Exercise: Exactly the lines from the line containing "L’offerta formativa è" through the final line of the entries below must be returned, and only those, without pictures.

++++ Data

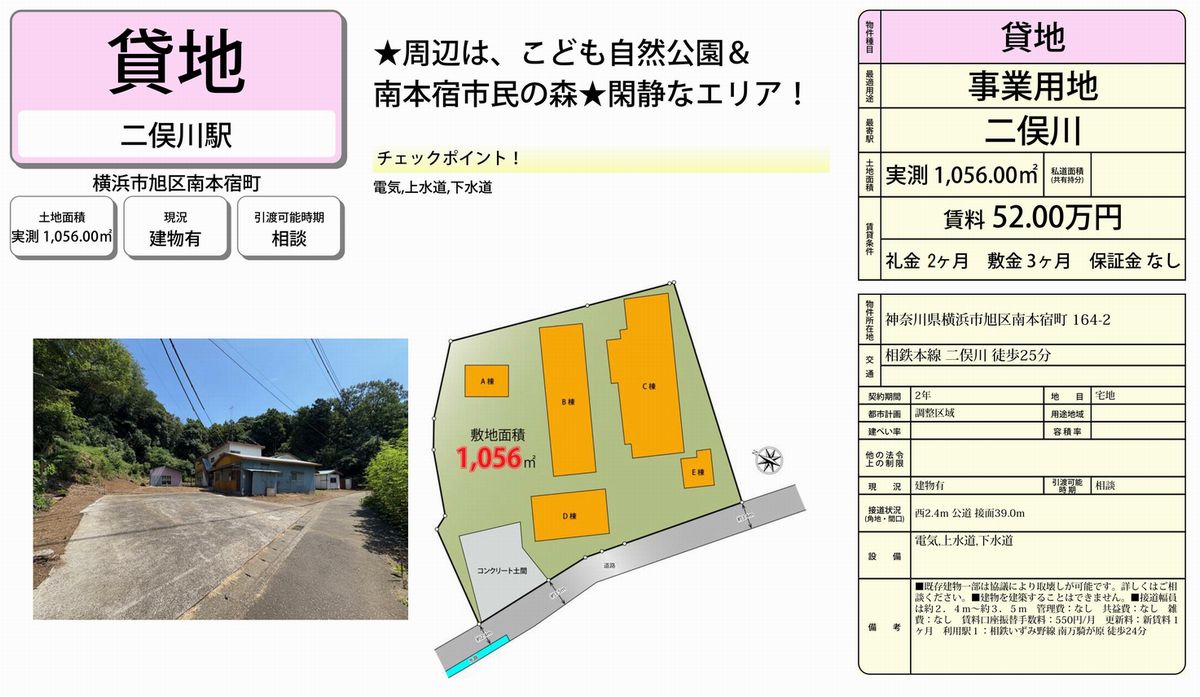 神奈川県横浜市旭区南本宿町164-2 二俣川 貸地 詳細データ
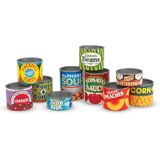 Stock a pretend pantry with this collection of lidded cardboard play-food cans, and you'll have all the ingredients for colorful, imaginative grocery-store play. Open and close, fill and stack, sort and match the canned food toys—this set has a pretend-play flavor for every taste The cans in this play-food set have sturdy and colorful cardboard sides. The lids are made from high-quality plastic and pop on and off with ease. The Let's Play House Grocery Cans pretend play set includes 10 cans in a variety of sizes and designs. The Melissa & Doug grocery cans set promotes sorting and grouping, color recognition, and awareness of different types of food. This grocery cans set makes a great gift for kids ages 3 and up. Add the Melissa & Doug Let's Play House Grocery Basket with Play Food set to round out the pretend play experience and give kids another engaging option for screen-free fun. For more than 30 years, Melissa & Doug has created beautifully designed imagination- and creativity-sparking products that NBC News called “the gold standard in early childhood play.” Today, Melissa & Doug is proudly partnering with the American Academy of Pediatrics to foster early brain development and help children build important life skills through play.
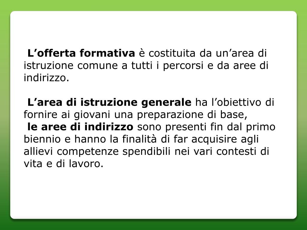 L’offerta formativa è costituita da un’area di istruzione comune a tutti i percorsi e da aree di indirizzo. L’area di istruzione generale ha l’obiettivo di fornire ai giovani una preparazione di base, le aree di indirizzo sono presenti fin dal primo biennio e hanno la finalità di far acquisire agli allievi competenze spendibili nei vari contesti di vita e di lavoro.
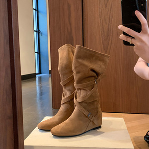 2025秋冬新款尖头增高6cm~ 韩系圆头扣带柔软褶皱显瘦中筒靴女
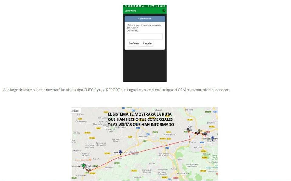 GeoReporting es la función que permite a los comerciales reportar sus visitas de forma fácil y cómoda desde sus teléfonos móviles.
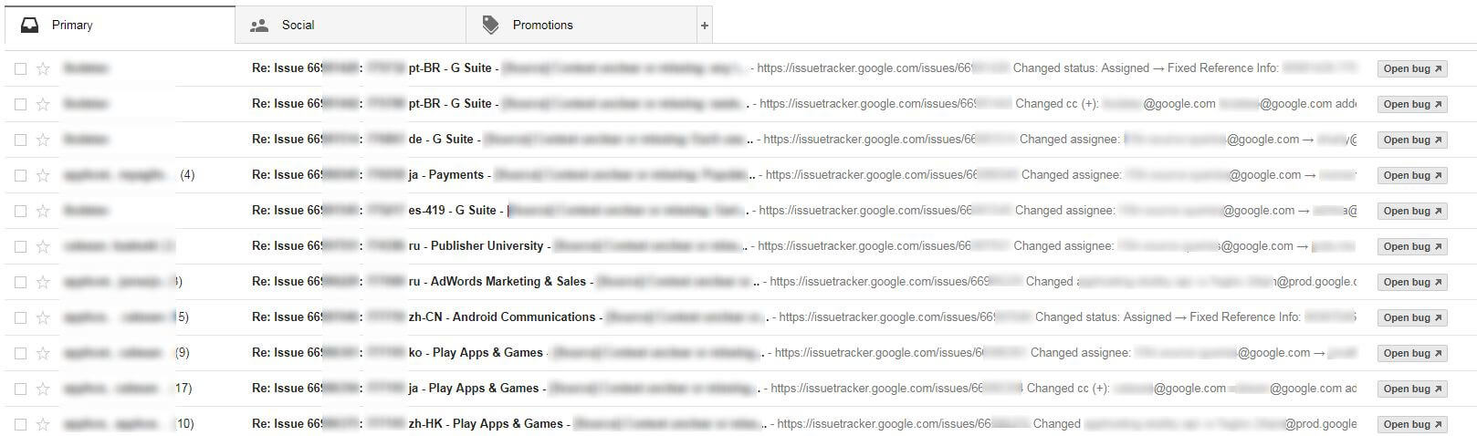 Beim zweiten Versuch es ihm gelungen, Issues mit einer beliebigen ID als Favorit zu markieren. Dazu musste er einfach nur die ID im Javascript austauschen, und schon hatte er das Problem abonniert. Das tat er dann per Script mit einigen Tausend zufälligen IDs und bekam anschließend im Minutentakt E-Mails mit weiteren Informationen von Google-Mitarbeitern, die das Unternehmen eigentlich niemals hätten verlassen sollen.
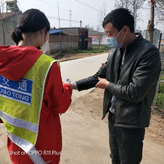 按照分工,劉苗苗在村防疫卡點(diǎn)負(fù)責(zé)村里疫情排查工作。為了做到排查不漏一戶、宣傳不漏一人,防控不染一人。她挨家挨戶、如同警察查戶口,嚴(yán)肅認(rèn)真。在排查中,她發(fā)現(xiàn)該村竟然有三人是從湖北武漢疫區(qū)回鄉(xiāng)人員,隱患不除,后患無窮。這三人成了她重點(diǎn)關(guān)注的對象。一天三次登門給他們測試體溫,勸誡他們在家隔離,自覺做到不出門、不串門,關(guān)心他人就是關(guān)心自己,一人不感染,全村都安全。看到一名女大學(xué)生冒著風(fēng)險服務(wù)大家都很受感動,村民們自覺在家防感染,沒有非法聚集、扎堆聊天等現(xiàn)象發(fā)生。

++++++++

Answer space:
 L’offerta formativa è costituita da un’area di istruzione comune a tutti i percorsi e da aree di indirizzo. L’area di istruzione generale ha l’obiettivo di fornire ai giovani una preparazione di base, le aree di indirizzo sono presenti fin dal primo biennio e hanno la finalità di far acquisire agli allievi competenze spendibili nei vari contesti di vita e di lavoro.
 2025秋冬新款尖头增高6cm~ 韩系圆头扣带柔软褶皱显瘦中筒靴女
 GeoReporting es la función que permite a los comerciales reportar sus visitas de forma fácil y cómoda desde sus teléfonos móviles.
 Beim zweiten Versuch es ihm gelungen, Issues mit einer beliebigen ID als Favorit zu markieren. Dazu musste er einfach nur die ID im Javascript austauschen, und schon hatte er das Problem abonniert. Das tat er dann per Script mit einigen Tausend zufälligen IDs und bekam anschließend im Minutentakt E-Mails mit weiteren Informationen von Google-Mitarbeitern, die das Unternehmen eigentlich niemals hätten verlassen sollen.
 按照分工,劉苗苗在村防疫卡點(diǎn)負(fù)責(zé)村里疫情排查工作。為了做到排查不漏一戶、宣傳不漏一人,防控不染一人。她挨家挨戶、如同警察查戶口,嚴(yán)肅認(rèn)真。在排查中,她發(fā)現(xiàn)該村竟然有三人是從湖北武漢疫區(qū)回鄉(xiāng)人員,隱患不除,后患無窮。這三人成了她重點(diǎn)關(guān)注的對象。一天三次登門給他們測試體溫,勸誡他們在家隔離,自覺做到不出門、不串門,關(guān)心他人就是關(guān)心自己,一人不感染,全村都安全。看到一名女大學(xué)生冒著風(fēng)險服務(wù)大家都很受感動,村民們自覺在家防感染,沒有非法聚集、扎堆聊天等現(xiàn)象發(fā)生。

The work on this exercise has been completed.